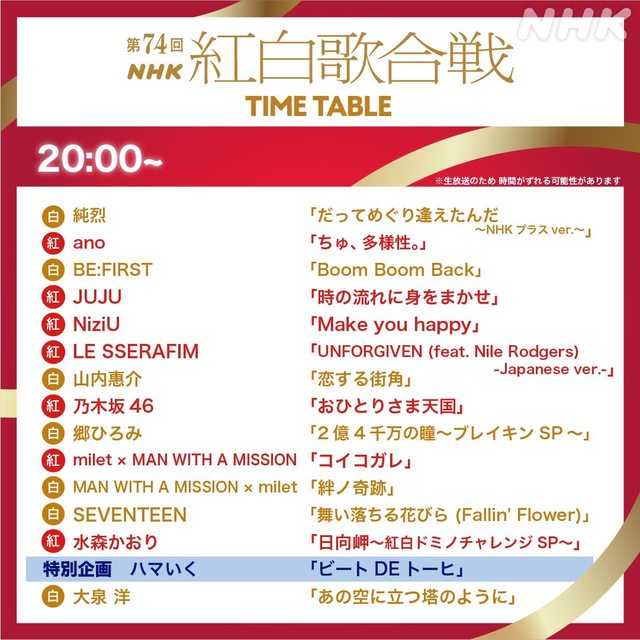 → amethysta: 紅白表演部分不跨年,而且越後面越大111.249.216.105 12/31 18:59
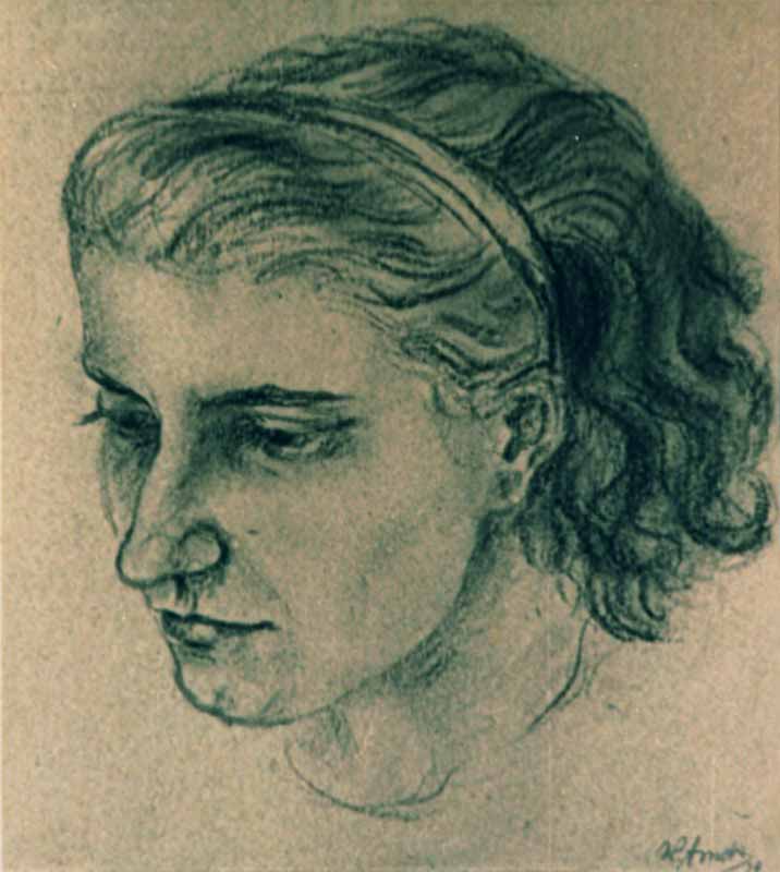 20. Porträt A. A. mit Haarreif ; 1939, Maße: 25 x 23 cm; Bleistift auf beigem Karton
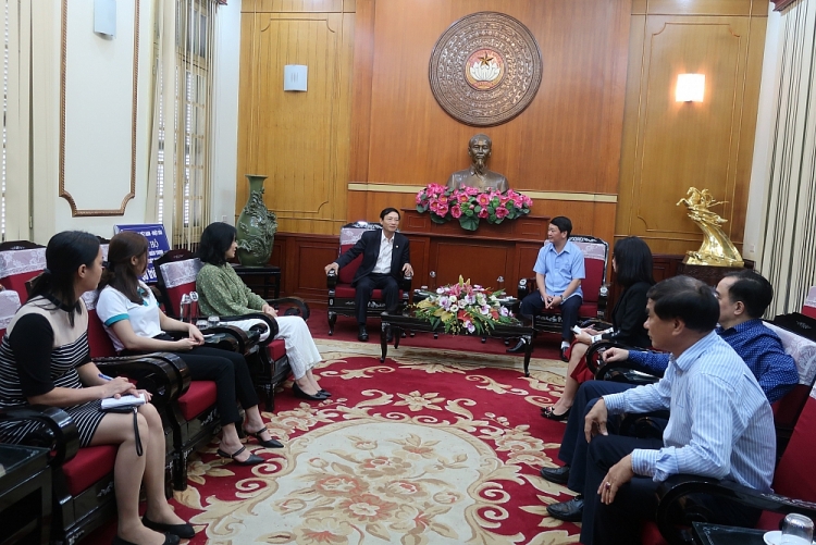 លោក Hau A Lenh អនុប្រធាន –អគ្គលេខាធិការ នៃ គណៈកម្មាធិការមជ្ឈិមរណសិរ្សមាតុភូមិវៀតណាម (ខាងស្តាំ) ទទួលជួបអនុប្រធានអចិន្ត្រៃយ៍សមាគមមិត្តភាពវៀតណាម - ជប៉ុន លោក Bui Khac Son ។
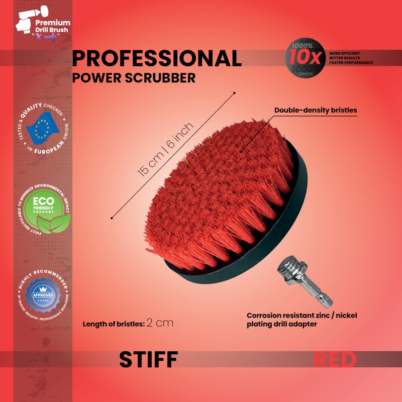 Profesionalus Drill Brush šepetys įvairiems valymo darbams atlikti. Puikiai tiks kilimų, baldų, odinių paviršių, automobilių sėdynių ar stiklo valymui. Šeriai pagaminti iš auktos kokybės neilono ir yra itin minkšti tarsi dantų šepetėlio šereliai.
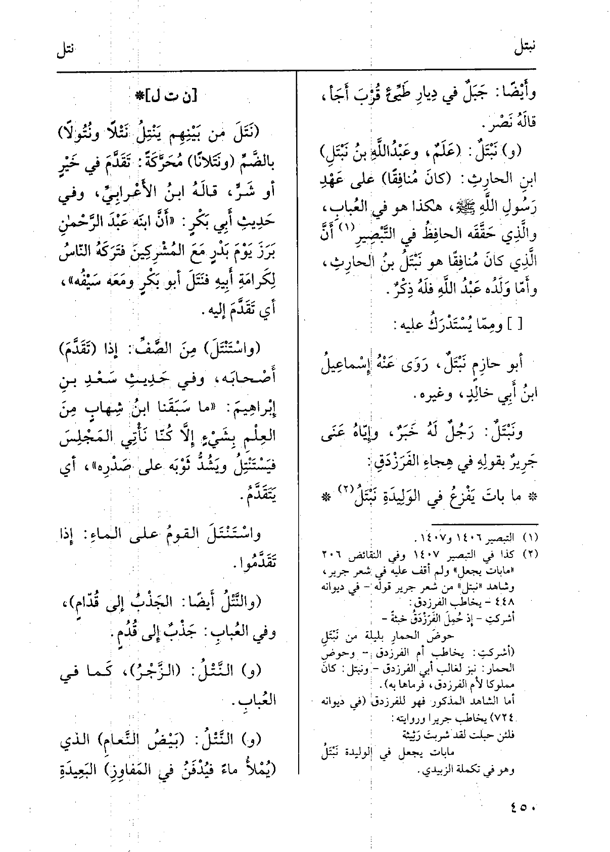 وَأَيْضًا: جبلٌ فِي ديارِ طَيِّئٍ قربَ أَجَأ، قَالَه نَصْر. نَبْتَلٌ: علَمٌ، وعَبْد الله بنُ نَبْتَلِ بنِ الْحَارِث: كَانَ مُنافقاً على عهدِ رسولِ الله صلّى الله عَلَيْهِ وَسلم، هَكَذَا هُوَ فِي العُباب، وَالَّذِي حقّقه الحافظُ فِي التبصير أنّ الَّذِي كَانَ منافقاً هُوَ نَبْتَلُ بنُ الْحَارِث، وأمّا ولَدُه عَبْد الله فَلهُ ذِكرٌ.
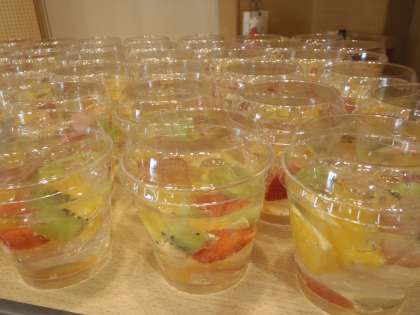 後半のお楽しみは,お弁当をみんなで食べたあと,フルーツがいっぱいのっているゼリーを食べました。色がきれいでピカピカ光っているゼリーでした。美味しかったです。
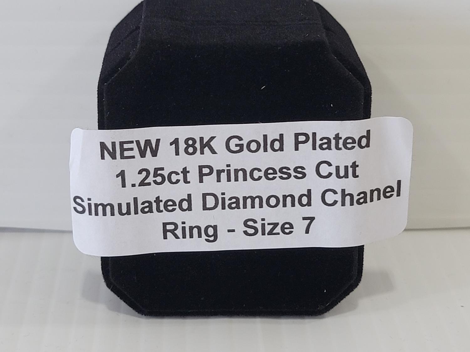1546 Smartlife 18K Gold Plated 1.25 Ct Princess Cut Simulated Diamond Chanel Ring - Size 7 (Unused)
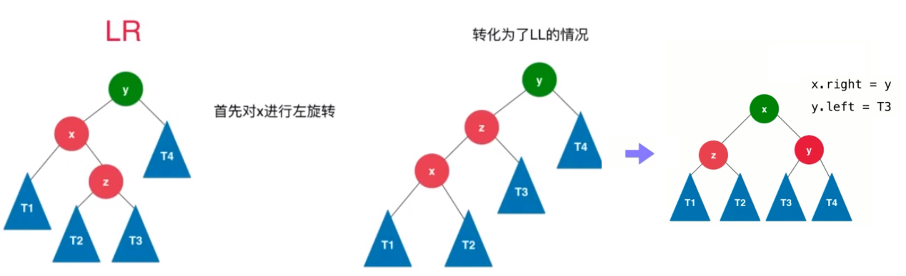 对于这种情况我们需要先进行右旋转操作,转成LL的情况,再进行左旋转:
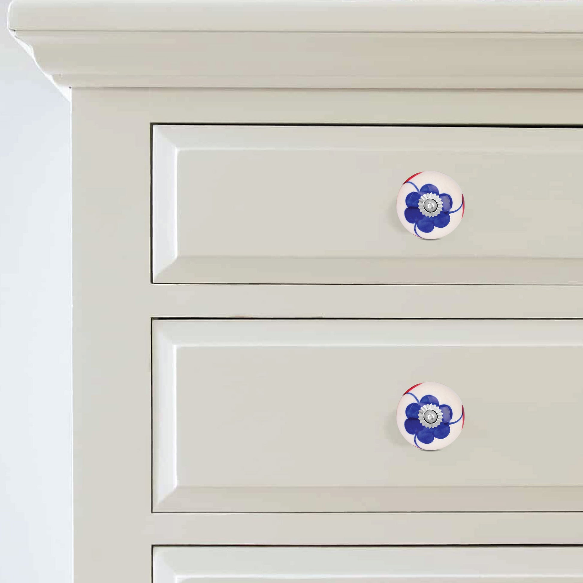 Blue Floral with Red Leaves Hand-Painted Ceramic Drawer Knob | The Indian Aura
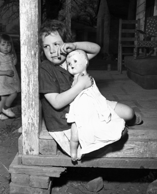 This little girl is one of the thousands waiting anxiously to see if the Goodfellows will bring her Christmas- or will pass up her house. Only the Goodfellows theselves can answer this question with adequate contributions to the Goodfellow Fund. Published in the Fort Worth Star-Telegram evening edition December 7, 1950.
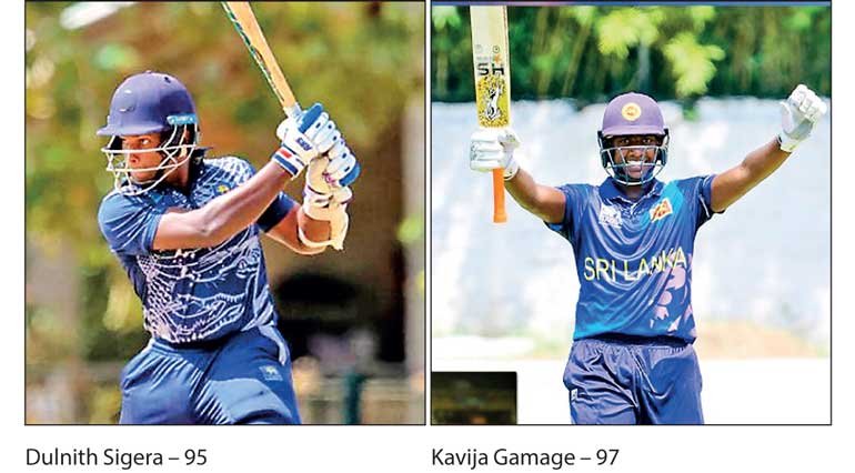 Dulnith Sigera and Kavija Gamage both missed out on centuries as Sri Lanka, batting first, scored 266-8 in their 50 overs. Sigera struck eight fours and three sixes in his 123-ball 95, while Gamage hit 10 fours and two sixes in scoring 97 off 109 balls before being run out. The two put on 170 for the third wicket, but once again Sri Lanka’s lower order suffered a collapse, losing five wickets for 25 runs, which is a cause of concern, especially when coming up against strong teams in the competition.
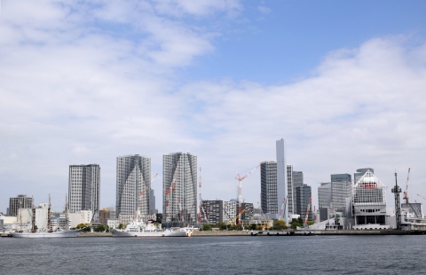 晴海埠頭の南側は豊洲。上の写真では豊洲市場も見えている。

▸ **What the task asks**
A verbatim copy is needed of the lines running from the line with "លោក Hau A Lenh" to the end of the data above, both included. Keep the pictures out of it.

▸ **Task response**
 លោក Hau A Lenh អនុប្រធាន –អគ្គលេខាធិការ នៃ គណៈកម្មាធិការមជ្ឈិមរណសិរ្សមាតុភូមិវៀតណាម (ខាងស្តាំ) ទទួលជួបអនុប្រធានអចិន្ត្រៃយ៍សមាគមមិត្តភាពវៀតណាម - ជប៉ុន លោក Bui Khac Son ។
 Profesionalus Drill Brush šepetys įvairiems valymo darbams atlikti. Puikiai tiks kilimų, baldų, odinių paviršių, automobilių sėdynių ar stiklo valymui. Šeriai pagaminti iš auktos kokybės neilono ir yra itin minkšti tarsi dantų šepetėlio šereliai.
 وَأَيْضًا: جبلٌ فِي ديارِ طَيِّئٍ قربَ أَجَأ، قَالَه نَصْر. نَبْتَلٌ: علَمٌ، وعَبْد الله بنُ نَبْتَلِ بنِ الْحَارِث: كَانَ مُنافقاً على عهدِ رسولِ الله صلّى الله عَلَيْهِ وَسلم، هَكَذَا هُوَ فِي العُباب، وَالَّذِي حقّقه الحافظُ فِي التبصير أنّ الَّذِي كَانَ منافقاً هُوَ نَبْتَلُ بنُ الْحَارِث، وأمّا ولَدُه عَبْد الله فَلهُ ذِكرٌ.
 後半のお楽しみは,お弁当をみんなで食べたあと,フルーツがいっぱいのっているゼリーを食べました。色がきれいでピカピカ光っているゼリーでした。美味しかったです。
1546 Smartlife 18K Gold Plated 1.25 Ct Princess Cut Simulated Diamond Chanel Ring - Size 7 (Unused)
 对于这种情况我们需要先进行右旋转操作,转成LL的情况,再进行左旋转:
 Blue Floral with Red Leaves Hand-Painted Ceramic Drawer Knob | The Indian Aura
 This little girl is one of the thousands waiting anxiously to see if the Goodfellows will bring her Christmas- or will pass up her house. Only the Goodfellows theselves can answer this question with adequate contributions to the Goodfellow Fund. Published in the Fort Worth Star-Telegram evening edition December 7, 1950.
 Dulnith Sigera and Kavija Gamage both missed out on centuries as Sri Lanka, batting first, scored 266-8 in their 50 overs. Sigera struck eight fours and three sixes in his 123-ball 95, while Gamage hit 10 fours and two sixes in scoring 97 off 109 balls before being run out. The two put on 170 for the third wicket, but once again Sri Lanka’s lower order suffered a collapse, losing five wickets for 25 runs, which is a cause of concern, especially when coming up against strong teams in the competition.
 晴海埠頭の南側は豊洲。上の写真では豊洲市場も見えている。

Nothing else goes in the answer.